MONTREAL, QUEBEC, CANADA – After coming up short in a protracted battle with rival rail carrier Canadian Pacific Ltd. (CP) to acquire Kansas City Southern (KCS), Canadian National (CN) on Sept. 17 unveiled a strategic plan that it said will allow it to “continue delivering high-quality service to customers while generating profitable growth and enhanced returns to shareholders.”

CN, which calls the plan “Full Speed Ahead — Redefining Railroading,” said it builds upon its January 2021 strategy to lead on safety, customer value, operational excellence, sustainability and social inclusion, while also delivering industry-leading shareholder returns.

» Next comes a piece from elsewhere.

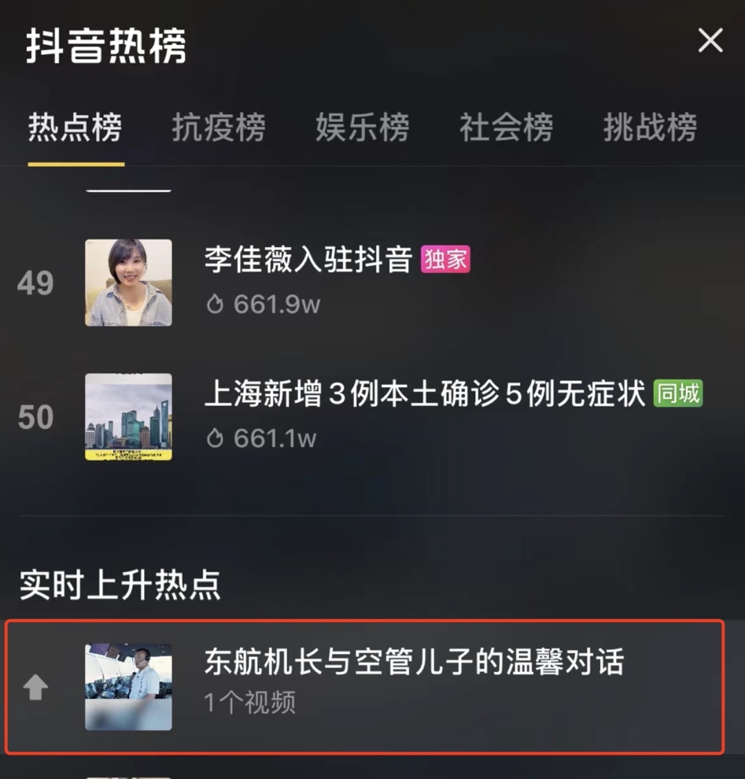 “东航机长与空管儿子的温馨对话”相关内容登上抖音热榜

“CN’s ambition is to build the premier railway of the 21st century by methodically investing in technologies to deliver high-quality service to customers, improve safety and sustainability, create capacity and reduce costs and delays,” said JJ Ruest, president and chief executive officer of CN. “Just as CN pioneered the industry’s focus on efficiency to increase reliability, we are now well-positioned to lead the industry through its next transformation by investing in the success of our customers, workforce and communities while delivering enhanced financial results.”

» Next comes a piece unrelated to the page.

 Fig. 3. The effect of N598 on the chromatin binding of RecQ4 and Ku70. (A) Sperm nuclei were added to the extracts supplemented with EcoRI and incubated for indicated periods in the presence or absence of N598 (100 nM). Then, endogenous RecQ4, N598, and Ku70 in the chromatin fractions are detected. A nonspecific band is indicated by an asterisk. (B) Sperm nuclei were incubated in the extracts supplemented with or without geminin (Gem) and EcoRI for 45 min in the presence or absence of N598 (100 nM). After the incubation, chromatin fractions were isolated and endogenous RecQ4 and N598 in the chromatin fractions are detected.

CN said it has conducted an extensive review of all revenue and cost levers and has targeted C$700 million of operating income improvements to drive future growth. To achieve these improvements in 2022, CN intends to use a balanced approach that includes a strategic review of non-rail businesses and an optimization of labor productivity.

For 2022, CN expects to grow operating income and earnings per share (EPS) by approximately 20% and improve its operating ratio to 57%. Additionally, CN is reviewing its capital structure and financial leverage with a view to increasing total shareholder distributions.

CN said it is committed to operational excellence and delivering value for its shareholders by:

  • Recommencing share repurchases under the plan previously approved by CN’s board of directors in January 2021 and completing the remaining C$1.1 billion of share repurchases by the end of January 2022.
     
  • Reviewing its capital structure and financial leverage with a view to increase total shareholder distributions, including share repurchases in the range of C$5 billion for 2022.
     
  • Reducing capex to 17% of revenue in 2022 as a result of the current good condition of its network and the company’s commitment to safety and customer service. CN expects to maintain capex at 17% of revenue for 2023-24 unless there are significant market shifts.
     
  • Driving top-quartile Total Shareholder Return (TSR), leading the industry in organic revenue growth driven by CN’s intermodal business and showing continuous improvement on its operating margin.
     

CN also unveiled the company’s plan to excel in the areas of sustainability, safety and social inclusion. They include:

  • Setting a science-based target of 43% carbon emission intensity reduction by 2030 based on 2019 levels.
  • Becoming the North American rail industry leader in fuel efficiency, consuming approximately 15% less locomotive fuel per gross ton mile.
  • Introducing an annual advisory vote on CN’s climate change action plan.
  • Aligning executive compensation with ESG objectives, including safety and fuel efficiency.
  • Reducing the mandatory retirement age and confirmed term limits for the board of directors.
  • Adding two new directors in 2021, along with a March 2021 announcement that CN’s board chairman will not be seeking re-election when his term expires in 2022.
  • Setting a target of at least 50% of non-management directors coming from diverse groups, including gender parity, by the end of 2022

 

“We spent the last several years making strategic and important customer-centric investments in our network, technology, sustainability and people,” said Robert Pace, chairman of CN. “These investments have allowed us to deliver high-quality service to our customers and position us well to drive more sustainable returns to shareholders over the long term. I am confident that CN’s senior management, a team of world-class railroaders who are focused on redefining the rail industry, have the skills and determination to lead the company into this exciting next phase.”

As part of its recently terminated transaction with KCS, CN said it secured an incremental $700 million in break-up fees.

While CN said it continues to believe that a CN-KCS combination would have enhanced competition and delivered many other compelling benefits for stakeholders, there have been significant changes to the US regulatory landscape since CN launched its initial proposal, which have made completing any Class I merger much less certain, including an Executive Order focused on competition issued by President Joe Biden in July.

CN has 19,500 miles of railroad network connecting Canada’s eastern and western coasts with the southern US.